Good day ladies and gentlemen, and welcome to the Q2 2016 Curis, Inc. Earnings Conference Call. At this time all participants are in a listen-only mode. Later, we will conduct a question-and-answer session and instructions will follow at that time. [Operator Instructions] I would to introduce your host for today's conference, Mr. James Dentzer, Chief Financial and Chief Administrative Office. Sir, you may begin.

Thank you, operator and welcome to Curis' second quarter 2016 earnings call. Before we begin, I would like to encourage everyone to go to the Investors Section of curis.com to find our earnings press release and related financial tables. I would also like to remind everyone that we will be making forward-looking statements, which are based on our current expectations and beliefs. These statements are subject to certain risks and uncertainties and our actual results may differ materially. I encourage you to consult our SEC filings for additional detail. Now I will turn the call over to our President and CEO, Dr. Ali Fattaey.

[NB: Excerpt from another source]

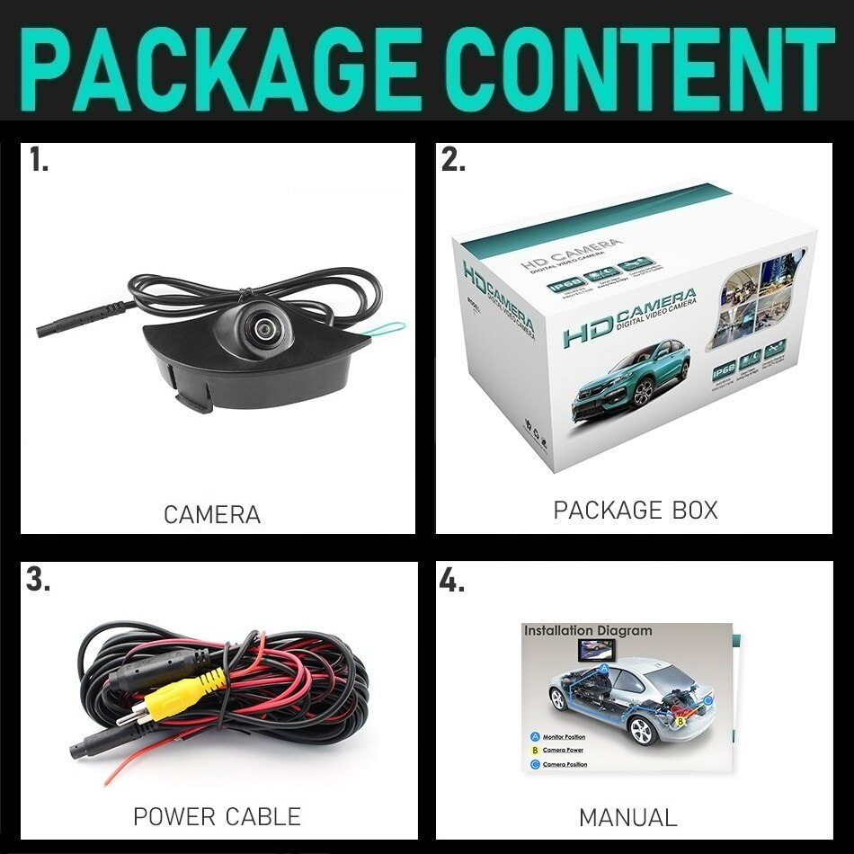 Camera frontala dedicata Toyota cu montaj in sigla Montarea se face in sigla frontala, realizand o integrare OEM Unghi de vizualizare mare Montare fara gaurire Compatibila doar cu unitatile aftermarket care au intrare video cu conector RCA. Nu este compatibila cu unitati care au intrarea pentru camera cu pini, va rugam sa verificati cu atentie unitatea masinii inainte de a comanda. *Inainte de a comanda produsul verificati cu atentie daca sigla masinii are dimensiunile camerei Caracteristici 1. Unghi de vizualizare de 150 grade 2. Carcasa rezistenta la socuri 3. Complet rezistenta la apa (Clasa protectie IP68) 4. Instalare simpla Specificatii tehnice 1. Rezolutie: 480 TV Lines 2. Pixeli: 680x480 3. TV Sistem: NTSC 4. Vedere nocturna: Starlight Night Vision 5. Tensiune alimentare: DC 12V 6. Temperatura de lucru: -30 - +70 grade Celsius 7. Rezistenta la apa - IP68, Rezistenta la socuri Continut pachet 1. Camera frontala dedicata pentru sigla masinii 2. Cablu video RCA cu lungime de 6 metri 3. Cablu de alimentare
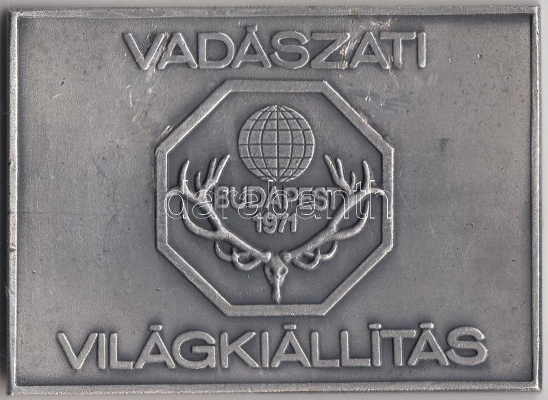 1971. "Vadászati Világkiállítás - Budapest" nagyalakú szögletes fém emlékplakett T:2

Thank you, Jim and good morning everyone, and thank you for joining us today. It is a pleasure to provide an update on Curis and our progress in developing multiple innovative drug candidates for patients with cancer, including our two clinical programs; CA170 and CUDC-907. First I would like to update you on CA170. CA170 is the first orally administered small molecule immune checkpoint antagonist to enter the clinic. Recall that CA170 was discovered in our collaboration with Aurigene it targets PD ligands and VISTA immune checkpoint. The PD ligands such as PDL-1 and PDL-2 and VISTA are members of the same family, the B7 immunoglobulin super-family of immune-regulators that share structural similarity in their extra-cellular domain. And this extra-cellular domain of these proteins is where CA170 is designed to bind. We have shown that CA170 selectively rescues T-cell proliferation and function that are specifically inhibited by the PD ligands or VISTA. Our goal is to develop CA170 as a cancer immunotherapy and in this regard developed as the first orally early administered anti-checkpoint therapy for cancer patients. As now multiple anti-checkpoint immunotherapies are either approved for in development, but so far all of these are antibodies that need to be administered intravenously in an infusion clinic setting. We believe CA170 can establish a new class of immunooncology anti-immune checkpoint therapy that is administered as an oral pill. As a small molecule rather than an antibody we expect that the pharmacokinetic properties of CA170 will likely provide an advantage in the dosing flexibility as a monotherapy. And perhaps even more importantly, when used in combination with other anti-cancer treatment regimens. We believe that a successful CA170 can provide a compelling treatment alternative for patients and physicians. We are pleased to note that in June the FDA accepted our IND application…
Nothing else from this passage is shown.